Collection entries
[Start of Attachment]
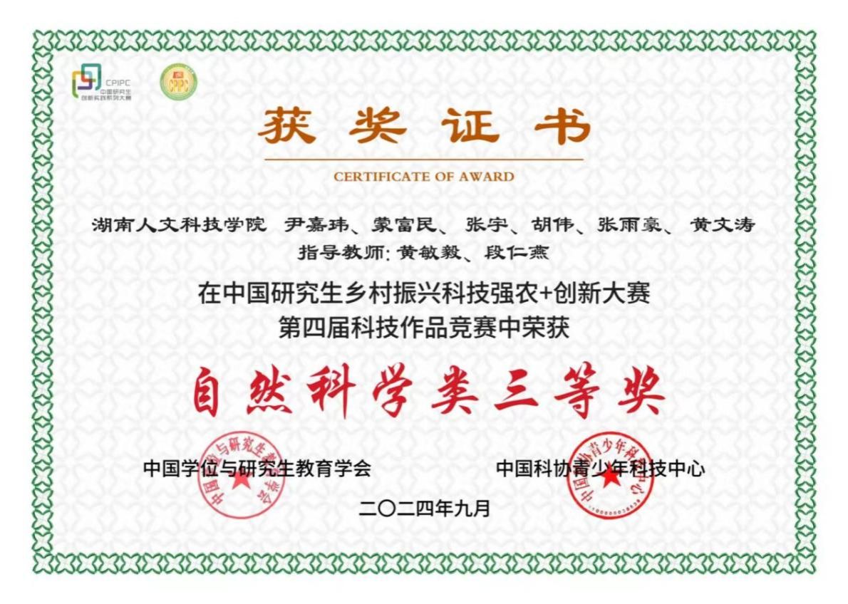 经过全国紧张激烈的角逐,九月,beat365黄敏毅、段仁燕教授指导的研究生团队(尹嘉玮,蒙富民,张宇,胡伟,黄文涛,张雨豪)喜获“中国研究生乡村振兴科技强农+创新大赛“第四届科技作品竞赛全国三等奖。
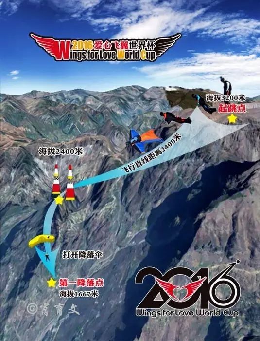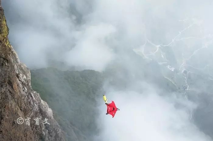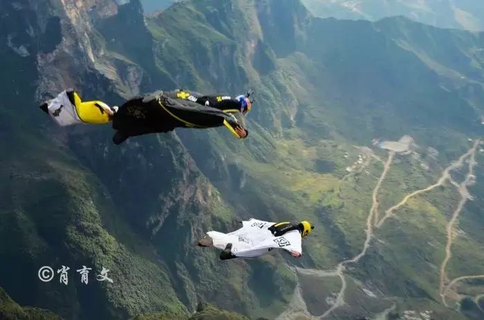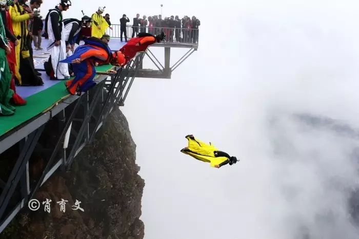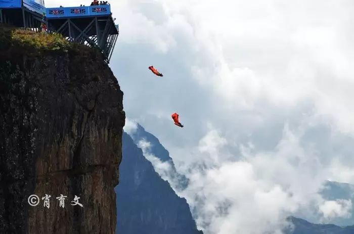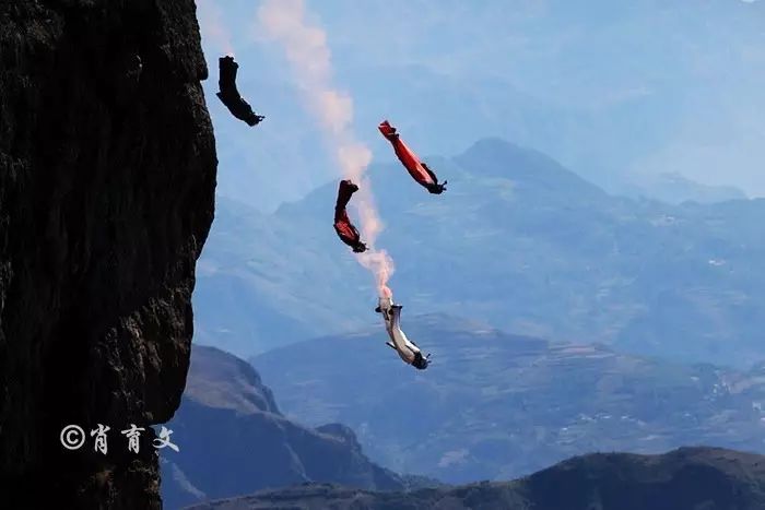 在我们的翘首企盼中,“鸟人”们跃出高耸入云的跳台,以时速每小时220公里的速度向两千多米的峡谷飞去,为了确保飞行成功,他们利用手脚,不断调整和控制方向,朝着大山包的峡谷呼啸而去。
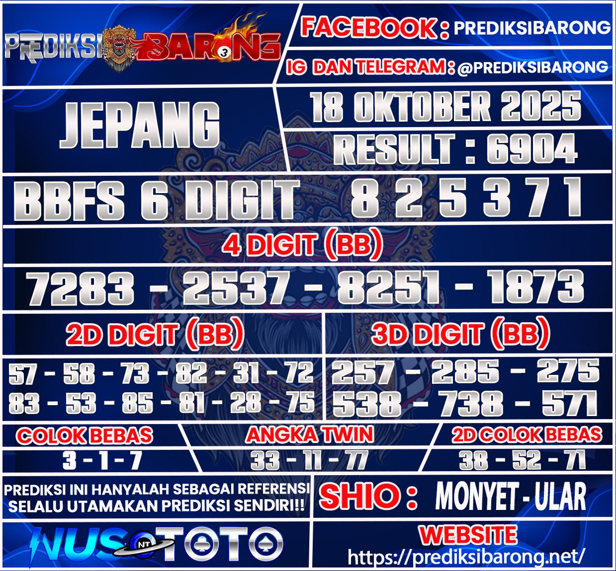 Prediksi Barong adalah layanan prediksi togel yang dirancang khusus untuk membantu para pemain togel dalam meraih keberuntungan. Pada edisi kali ini, kami menyajikan prediksi togel untuk pasar Jepang pada hari Sabtu 18 Oktober 2025 Dengan analisis mendalam dan metode yang telah teruji, kami berusaha memberikan angka-angka yang memiliki potensi tinggi untuk keluar. Prediksi ini tidak hanya berdasarkan keberuntungan semata, tetapi juga menggunakan data statistik dan pola permainan sebelumnya yang dapat memberikan wawasan lebih bagi para pemain.
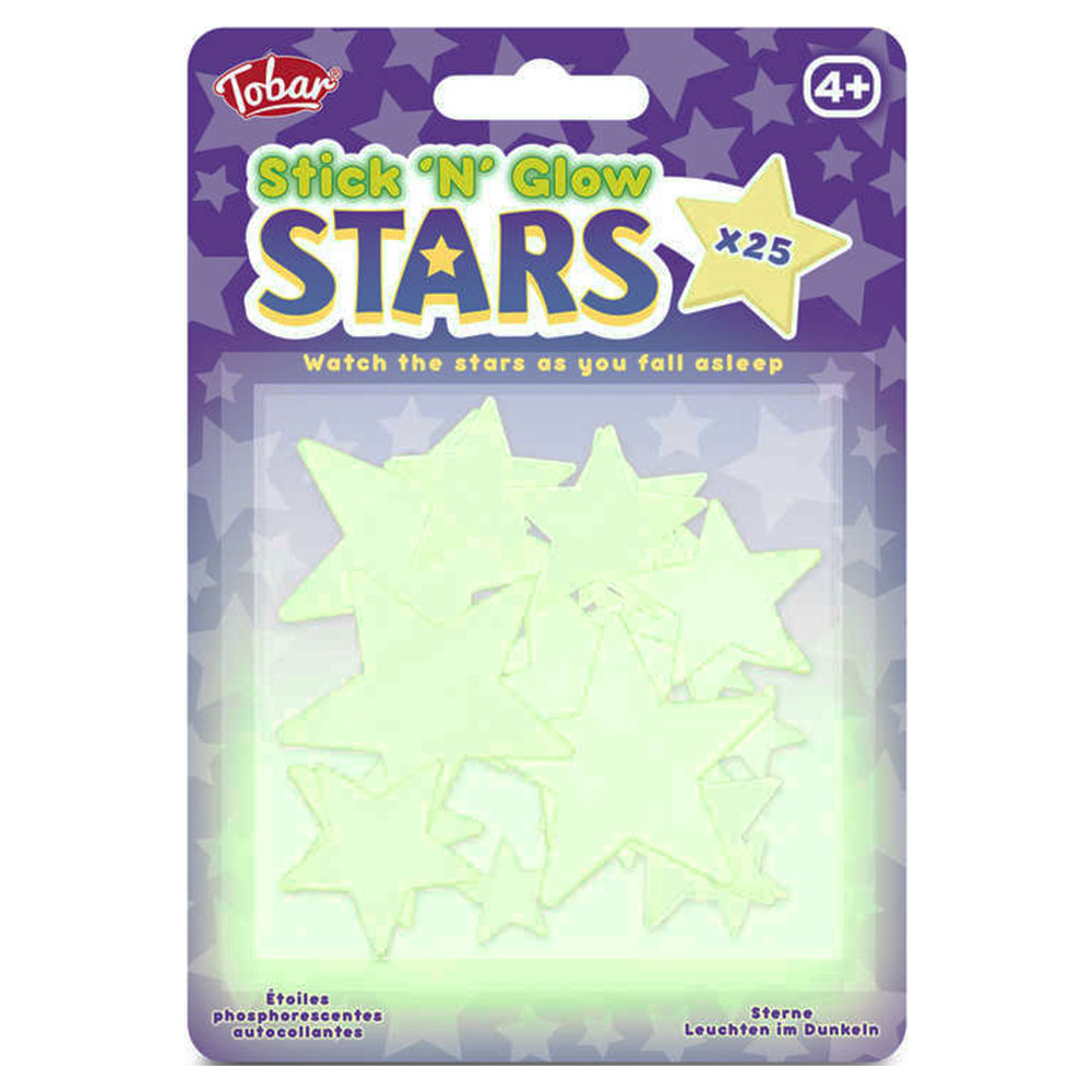Självlysande Stjärnor 25-Pack omfattar självlysande dekorationer i form av stjärnor i olika storlekar. Fäst dekorationerna i taket eller på väggen med de medföljande klisterlapparna. Dekorationerna måste laddas med ljus för att de ska lysa i mörkret.
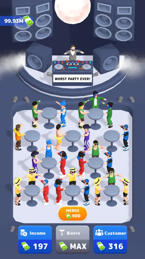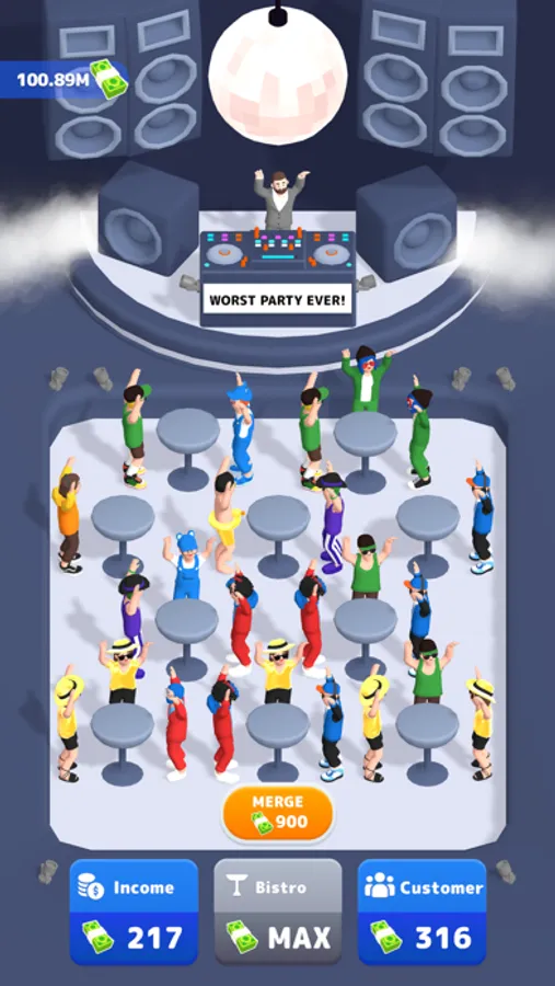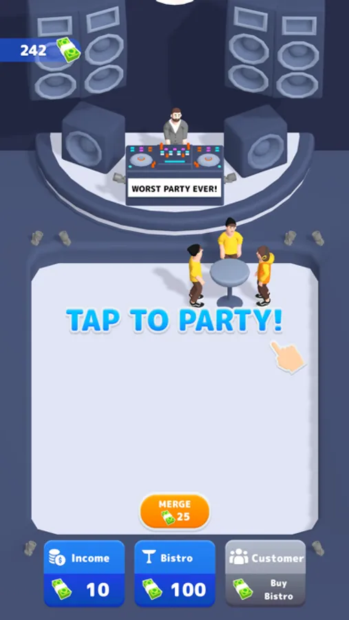 Did you bored by bad parties. Tap tap and start the best party in the universe. Merge your customers and be the best club ever.
[End of Attachment]
# WORK INSTRUCTION
Please restate the entries word for word, with all pictures left out.

# WRITTEN RESPONSE
 经过全国紧张激烈的角逐,九月,beat365黄敏毅、段仁燕教授指导的研究生团队(尹嘉玮,蒙富民,张宇,胡伟,黄文涛,张雨豪)喜获“中国研究生乡村振兴科技强农+创新大赛“第四届科技作品竞赛全国三等奖。
 在我们的翘首企盼中,“鸟人”们跃出高耸入云的跳台,以时速每小时220公里的速度向两千多米的峡谷飞去,为了确保飞行成功,他们利用手脚,不断调整和控制方向,朝着大山包的峡谷呼啸而去。
 Prediksi Barong adalah layanan prediksi togel yang dirancang khusus untuk membantu para pemain togel dalam meraih keberuntungan. Pada edisi kali ini, kami menyajikan prediksi togel untuk pasar Jepang pada hari Sabtu 18 Oktober 2025 Dengan analisis mendalam dan metode yang telah teruji, kami berusaha memberikan angka-angka yang memiliki potensi tinggi untuk keluar. Prediksi ini tidak hanya berdasarkan keberuntungan semata, tetapi juga menggunakan data statistik dan pola permainan sebelumnya yang dapat memberikan wawasan lebih bagi para pemain.
Självlysande Stjärnor 25-Pack omfattar självlysande dekorationer i form av stjärnor i olika storlekar. Fäst dekorationerna i taket eller på väggen med de medföljande klisterlapparna. Dekorationerna måste laddas med ljus för att de ska lysa i mörkret.
 Did you bored by bad parties. Tap tap and start the best party in the universe. Merge your customers and be the best club ever.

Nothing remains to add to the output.